In [16]:
%pip install google-generativeai langchain langchain_google_genai

Note: you may need to restart the kernel to use updated packages.



[notice] A new release of pip is available: 24.1.1 -> 25.0.1
[notice] To update, run: python.exe -m pip install --upgrade pip


In [17]:
from dotenv import load_dotenv

# Load API key from .env file
load_dotenv()

True

In [18]:
import os
import json
import re
import google.generativeai as genai

# Step 1: Setup Gemini API
genai.configure(api_key=os.environ["GEMINI_API_KEY"])

In [19]:
problem_statement = """
Metro station wants to establish a TicketDistributor machine that issues tickets for
passengers travelling on metro rails. Travellers have options of selecting a ticket for a single
trip, round trips or multiple trips. They can also issue a metro pass for regular passengers or
a time card for a day, a week or a month according to their requirements. The discounts on
tickets will be provided to frequent travelling passengers. The machine is also supposed to
read the metro pass and time cards issued by the metro counters or machine. The ticket rates
differ based on whether the traveller is a child or an adult. The machine is also required to
recognize original as well as fake currency notes. The typical transaction consists of a user
using the display interface to select the type and quantity of tickets and then choosing a
payment method of either cash, credit/debit card or smartcard. The tickets are printed and
dispensed to the user. Also, the messaging facilities after every transaction are required on
the registered number. The system can also be operated comfortably by a touch-screen. A
large number of heavy components are to be used. We do not want our system to slow down,
and also the usability of the machine.
The TicketDistributor must be able to handle several exceptions, such as aborting the
transaction for incomplete transactions, the insufficient amount given by the travellers to the
machine, money return in case of an aborted transaction, change return after a successful
transaction, showing insufficient balance in the card, updated information printed on the
tickets e.g. departure time, date, time, price, valid from, valid till, validity duration, ticket
issued from and destination station. In case of exceptions, an error message is to be displayed.
We do not want user feedback after every development stage but after every two stages to
save time. The machine is required to work in a heavy load environment such that in the
morning and evening time on weekdays, and weekends performance and efficiency would
not be affected."""

### Step 1 - Identify Actions

In [20]:
def identify_actions(problem_statement):
    """
    Identifies potential actions from a given problem statement using Gemini API with CoT prompting.
    """
    prompt = f"""
    You are an expert software analyst. Your task is to identify **key actions** from the given problem statement. 
    Follow this detailed step-by-step process carefully to ensure accurate results:

    ### **Step-by-Step Approach:**
    1. **Identify Core Actions:**
       - Carefully analyze the problem statement for any **verbs** or **actions** that represent key behaviors of the system.
       - Focus on verbs or phrases that reflect meaningful state changes or user interactions.
       - Ignore vague, ambiguous, or irrelevant actions unless they provide useful context.

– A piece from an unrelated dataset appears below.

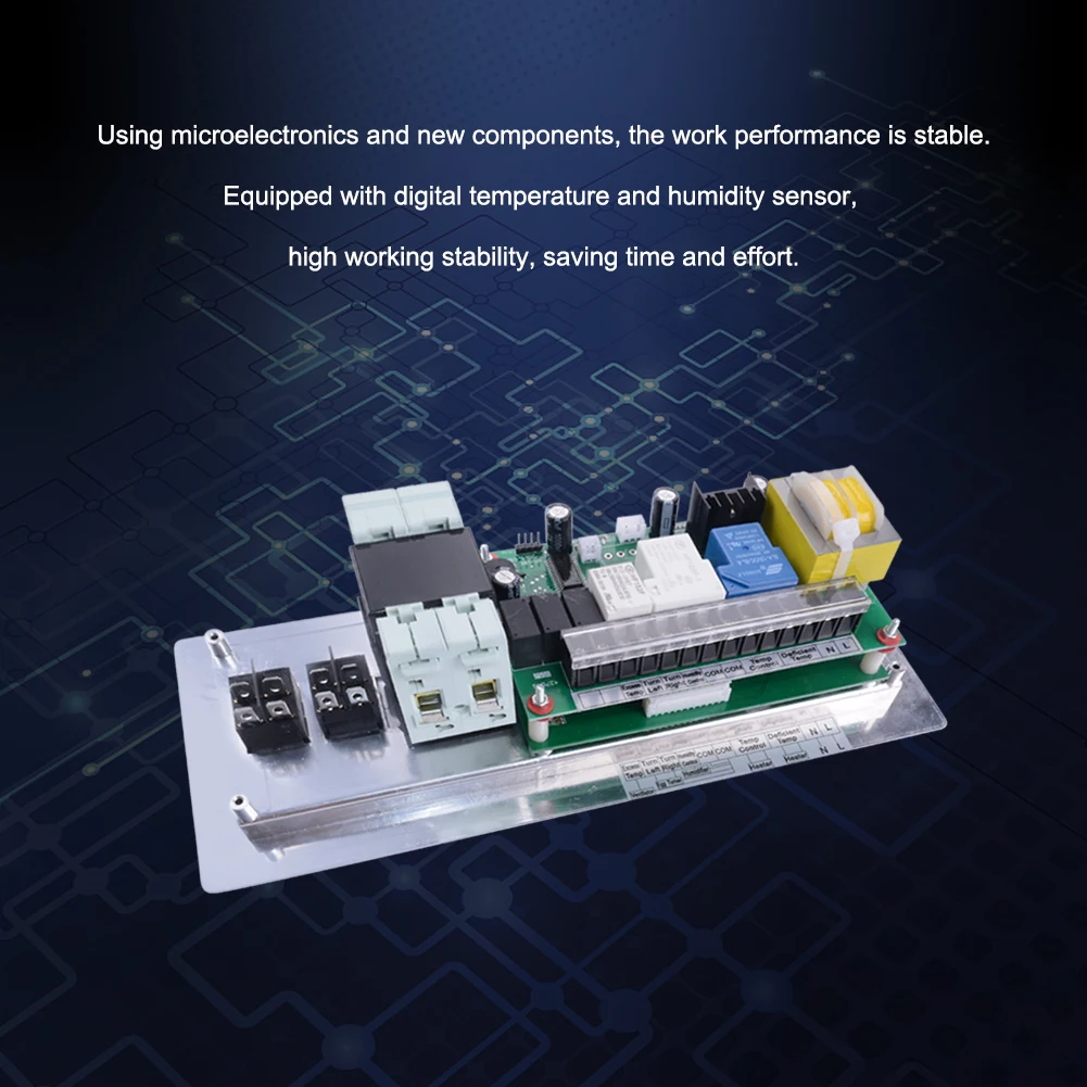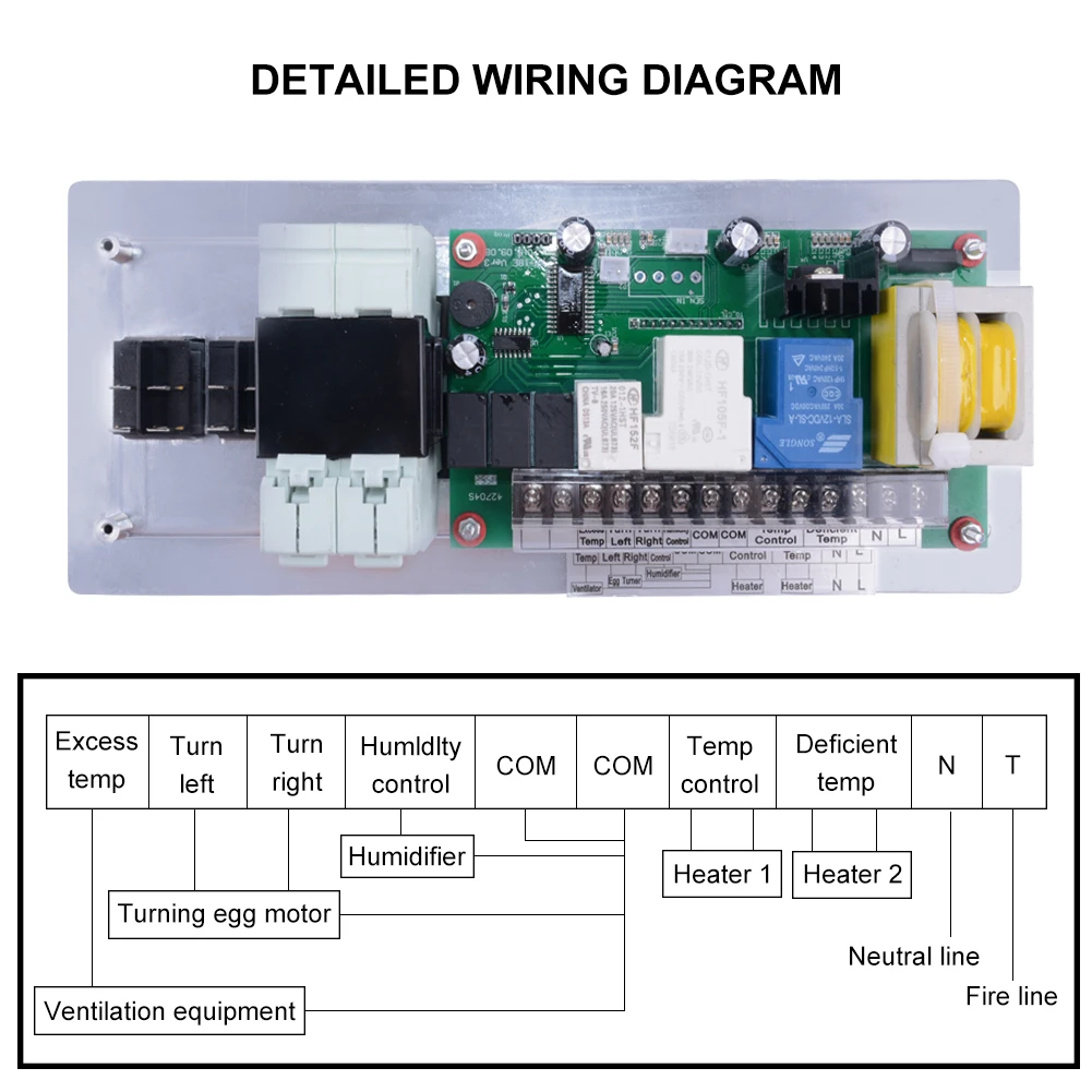 Особенности: Цифровое Отображение температуры, влажности и частоты поворота. Он применяет микрокомпьютерные чипы, чтобы иметь сильную защиту от помех и высокую стабильную производительность; Датчик температуры применяет высокоточный датчик, чтобы иметь высокую точность сбора температуры и широкий диапазон температур; Он применяет высокоэффективный датчик влажности для высокой точности, чтобы эффективно обеспечить прочность и надежность. Он имеет дизайн удобных для пользователя четырех экранов для дисплея, включая два экранов, отображающих температуру и влажность инкубатора и два других экранов, показывающих время поворота яйца и инкубационные дни, нажимая кнопки и показывая заданная температура и влажность при нажатии клавиш. И шесть видов инкубационных режимов для пользовательского определения, курица, утка, гусь, голубь и черный член доступны для выбора.

    2. **Group and Format Actions:**
       - Convert identified actions into **camelCase**.
       - Ensure that the actions are logically grouped and contextually accurate.
       - Remove any redundant or overlapping actions.

    3. **Ensure Completeness and Relevance:**
       - Ensure that the identified actions reflect the actual flow of the system.
       - Remove any vague or incomplete terms.

    ### **Output Format (Strict JSON):**
    Return only valid JSON in the following format:
    {{
        "actions": ["action1", "action2", "action3"]
    }}

    **Problem Statement:**
    {problem_statement}

    Now extract the key actions based on the above rules.
    """

    try:
        # Generate response using Gemini model
        model = genai.GenerativeModel("gemini-1.5-flash")
        response = model.generate_content(prompt, generation_config={"temperature": 0.0, "top_p": 1, "top_k": 1})
        
        # Debugging: Print raw response
        response_text = response.text.strip()
        print("Raw Response from Gemini:\n", response_text)

        # Clean up response (remove markdown formatting)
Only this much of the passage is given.